● What you will do
Could you please output only the lines from the one holding "Mid-Century Modern attitude" through the end of the listing below, exactly as written and without pictures?
*** Records for this exercise ***
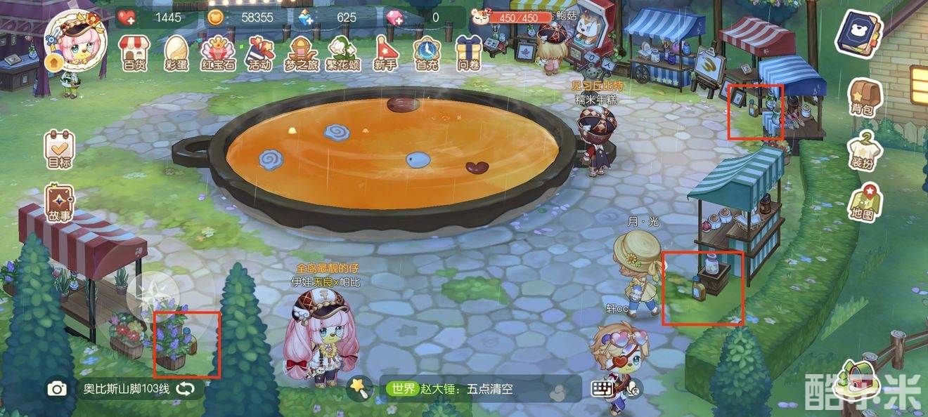奥比斯山脚收集我图中圈出的三桶机油后去摊位上方的机器点提交后可吹泡泡,次数不详,完成成就后还会有一个蓝色称号“泡泡机小能手”
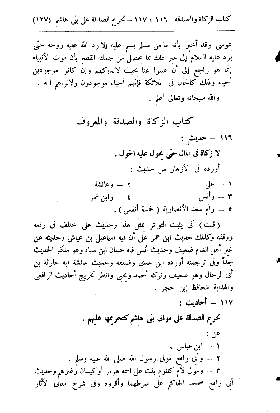 117- (تحريم الصدقة على موالي بني هاشم كتحريمها عليهم) .
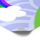 The bright colours from the rainbow and the whimsical blue waves in the background seem to echo this cute little blue monster's happy mood.
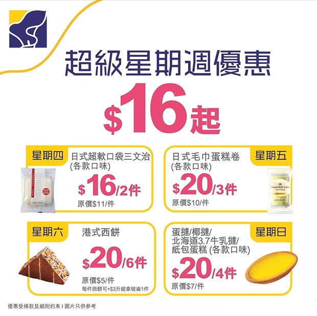 逢星期日:$20購買4件蛋撻/椰撻/北海道3.7牛乳撻/紙包蛋糕 原價:$7/件** 優惠受條款及細則約束
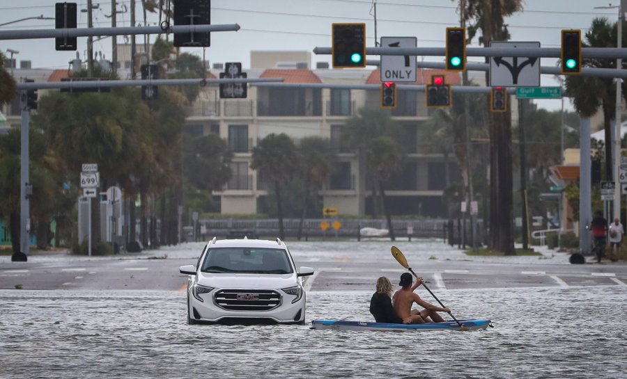 People kayak past an abandon vehicle in the intersection of Boca Ciega Drive and Pasadena Avenue Wednesday, Aug. 30, 2023 in St. Pete Beach, Fla., Hurricane Idalia made landfall Wednesday in Florida as a Category 3 storm and unleashed devastation along a wide stretch of the Gulf Coast, submerging homes and vehicles, turning streets into rivers, unmooring small boats and downing power lines in an area that has never before received such a pummeling. (Chris Urso/Tampa Bay Times via AP)
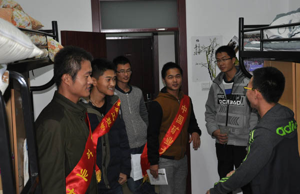 服务分队队员在队长齐世铭的带领下准时到达集合地点,并整齐戴上了绶带。为了检查工作的顺利进行分队队员都带上了绥带,晚上十点整,宿舍卫生检查活动正式开始。首先检查的是梅三的13级宿舍。在检查过程中队员们分工合作,有条不紊的对宿舍各个角落进行细致认真的检查并对每个宿舍进行评级,同时宿舍人员也积极配合检查活动,认真听取检查意见。而在对14级学生宿舍检查中,也许是初到学校并不太懂怎样整理宿舍,部分宿舍存在着物品摆放不起,地面较脏等一些问题。总的来说,梅三宿舍卫生总体上达到学院标准。同时,梅一宿舍也都做到了地面整洁,物品摆放整齐。
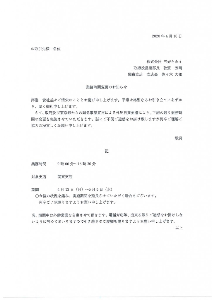 関東支店、業務時間変更のお知らせ 2020.04.10 新型コロナウイルスの感染拡大に伴い、 緊急事態宣言が発出されたことを受け 三好キカイ、関東支店の業務時間の変更を行います。 詳細については下記にてご参照ください。 ご理解の程、宜しくお願い致します。
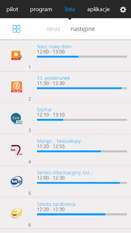 • TV - view the channel grid in the timeline and a list of channels with information about the program
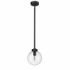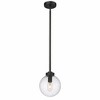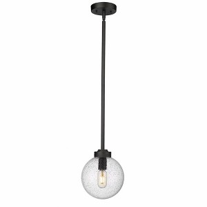 Mid-Century Modern attitude creates retro inspiration in a fixture that dazzles in an outdoor space. Light up a deck or patio with this cheery one-light outdoor pendant reflecting a hint of storied village nautical attitude. Suspending from a black finish aluminum canopy and down rod, its chic, delicate clear seedy glass globe delivers the ultimate in sophistication.
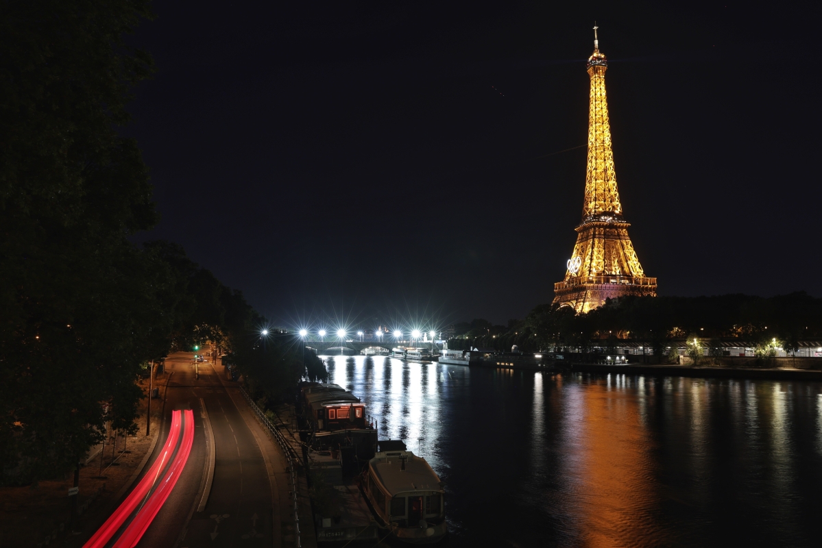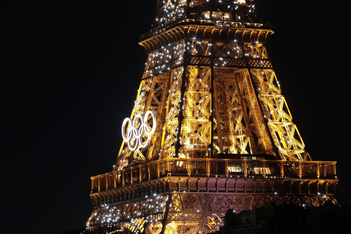 奧運五環標誌在埃菲爾鐵塔 【編輯:洪少葵】
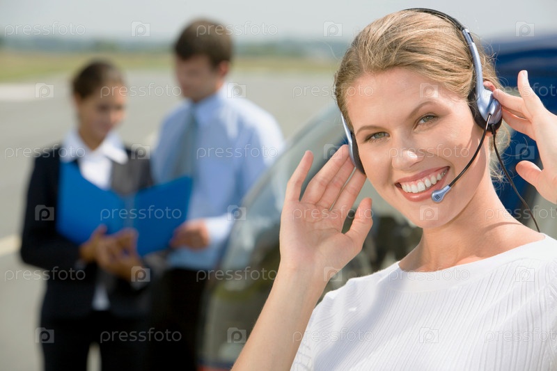 Красивая представительница клиентов с гарнитурой улыбается на фоне двух бизнесменов
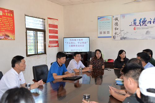 在钓鱼镇卞张村,党员干部分别进村入户,走访慰问困难群众,了解群众所需所盼,并村干部展开交流,对走访中了解的情况进行分类梳理,帮助出谋划策,积极商讨解决措施,在贴近基层、贴近群众、贴近实际中接受深刻的使命教育、初心教育。
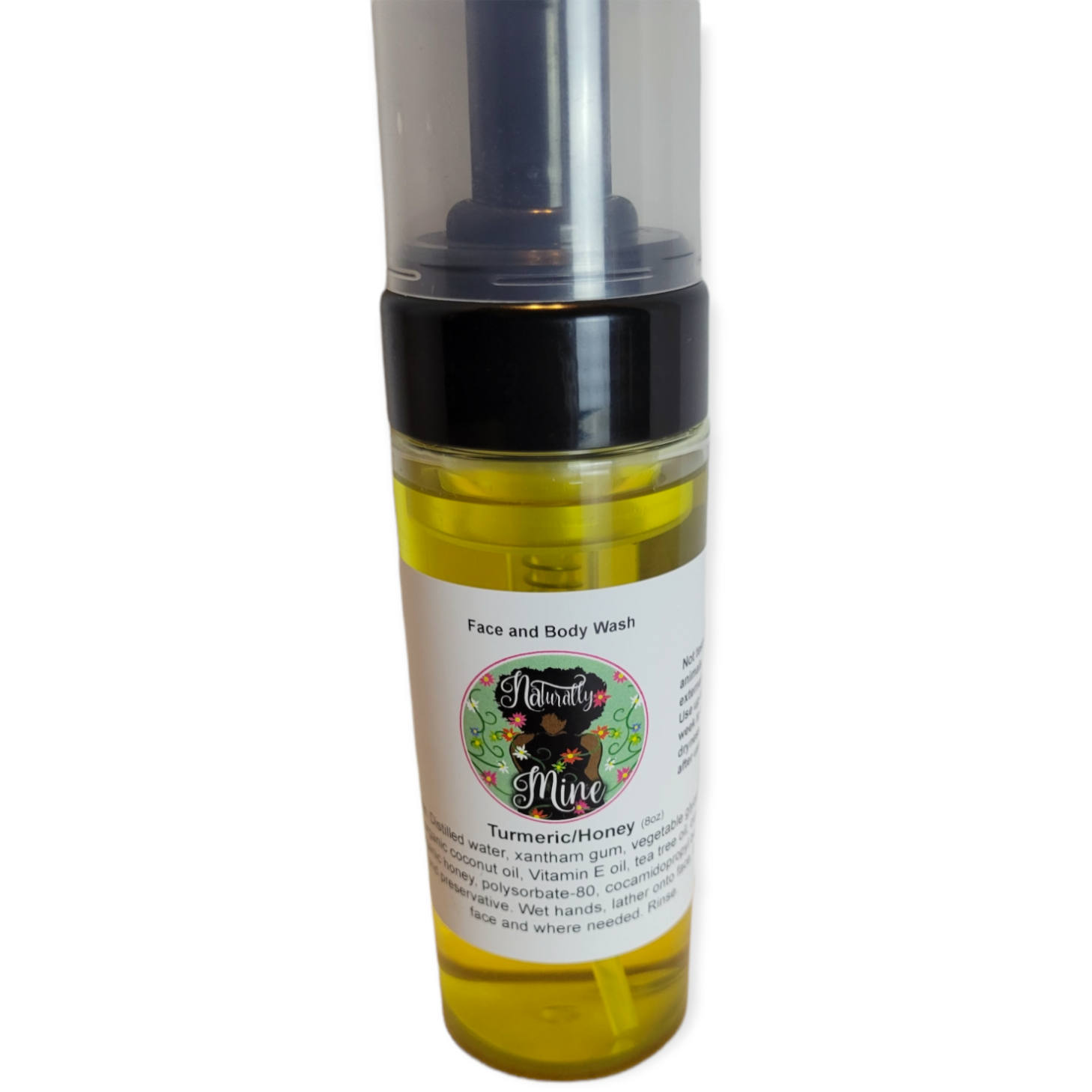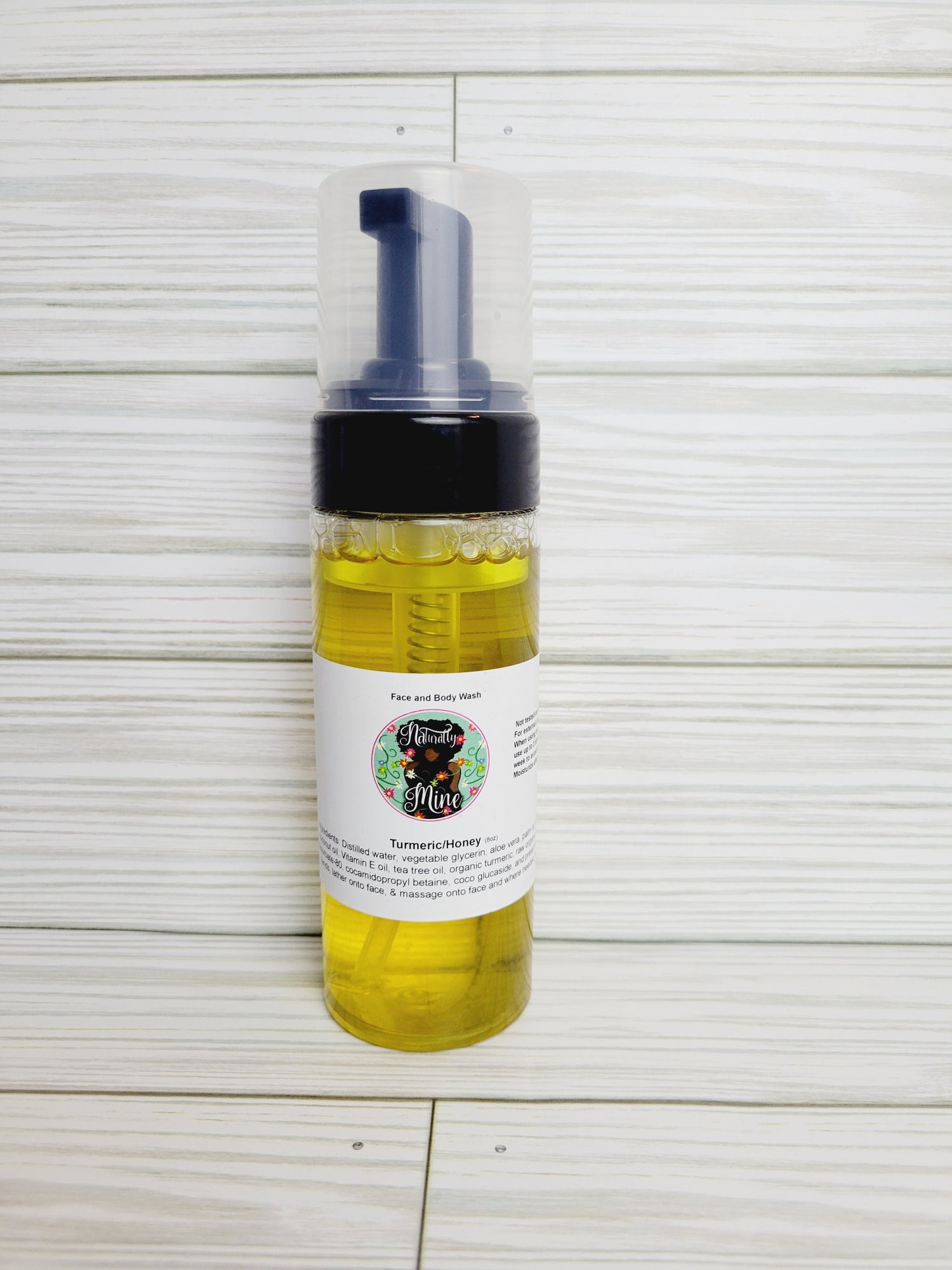 Ingredients: Distilled water, cocamidopropyl betaine, coco glucoside, polysorbate-80, vegetable glycerine, aloe vera, chamomile extract, organic coconut oil, Vitamin E oil, tea tree oil, organic turmeric, raw organic honey, citric acid, and preservative.
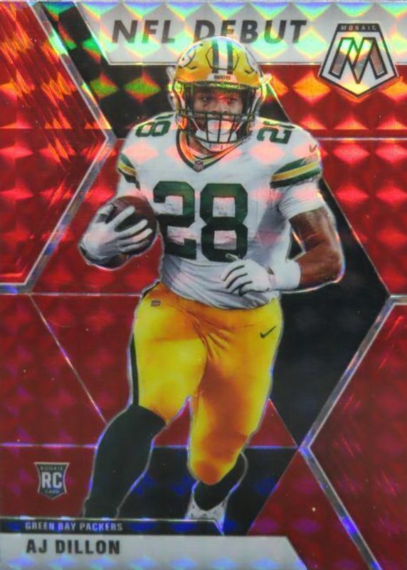 The AJ Dillon 2020 Mosaic #279 NFL Debut - Red Rookie card in Raw condition has not changed in price in the last 30 days and was last sold for $4.99 .
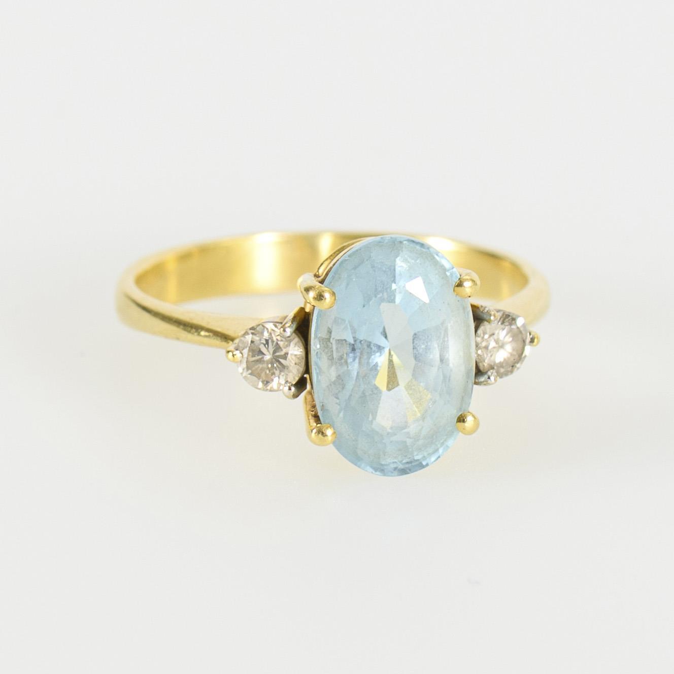 Ring mit Trilogie aus zwei Brillanten und einem ovalfacettierten, hellblauen Farbstein, wohl Aquamarin, zwischen einer zarten Schiene. Blauer Farbstein mit minimalen Chips, diese nicht augenfällig und erst unter zehnfacher Vergrößerung sichtbar.
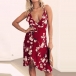 deep v-neck and slit hem design make this piece look so sexy and charming,while its vibrant floral
***
● Answer to the problem
 Mid-Century Modern attitude creates retro inspiration in a fixture that dazzles in an outdoor space. Light up a deck or patio with this cheery one-light outdoor pendant reflecting a hint of storied village nautical attitude. Suspending from a black finish aluminum canopy and down rod, its chic, delicate clear seedy glass globe delivers the ultimate in sophistication.
 奧運五環標誌在埃菲爾鐵塔 【編輯:洪少葵】
 Красивая представительница клиентов с гарнитурой улыбается на фоне двух бизнесменов
 在钓鱼镇卞张村,党员干部分别进村入户,走访慰问困难群众,了解群众所需所盼,并村干部展开交流,对走访中了解的情况进行分类梳理,帮助出谋划策,积极商讨解决措施,在贴近基层、贴近群众、贴近实际中接受深刻的使命教育、初心教育。
 Ingredients: Distilled water, cocamidopropyl betaine, coco glucoside, polysorbate-80, vegetable glycerine, aloe vera, chamomile extract, organic coconut oil, Vitamin E oil, tea tree oil, organic turmeric, raw organic honey, citric acid, and preservative.
 The AJ Dillon 2020 Mosaic #279 NFL Debut - Red Rookie card in Raw condition has not changed in price in the last 30 days and was last sold for $4.99 .
 Ring mit Trilogie aus zwei Brillanten und einem ovalfacettierten, hellblauen Farbstein, wohl Aquamarin, zwischen einer zarten Schiene. Blauer Farbstein mit minimalen Chips, diese nicht augenfällig und erst unter zehnfacher Vergrößerung sichtbar.
 deep v-neck and slit hem design make this piece look so sexy and charming,while its vibrant floral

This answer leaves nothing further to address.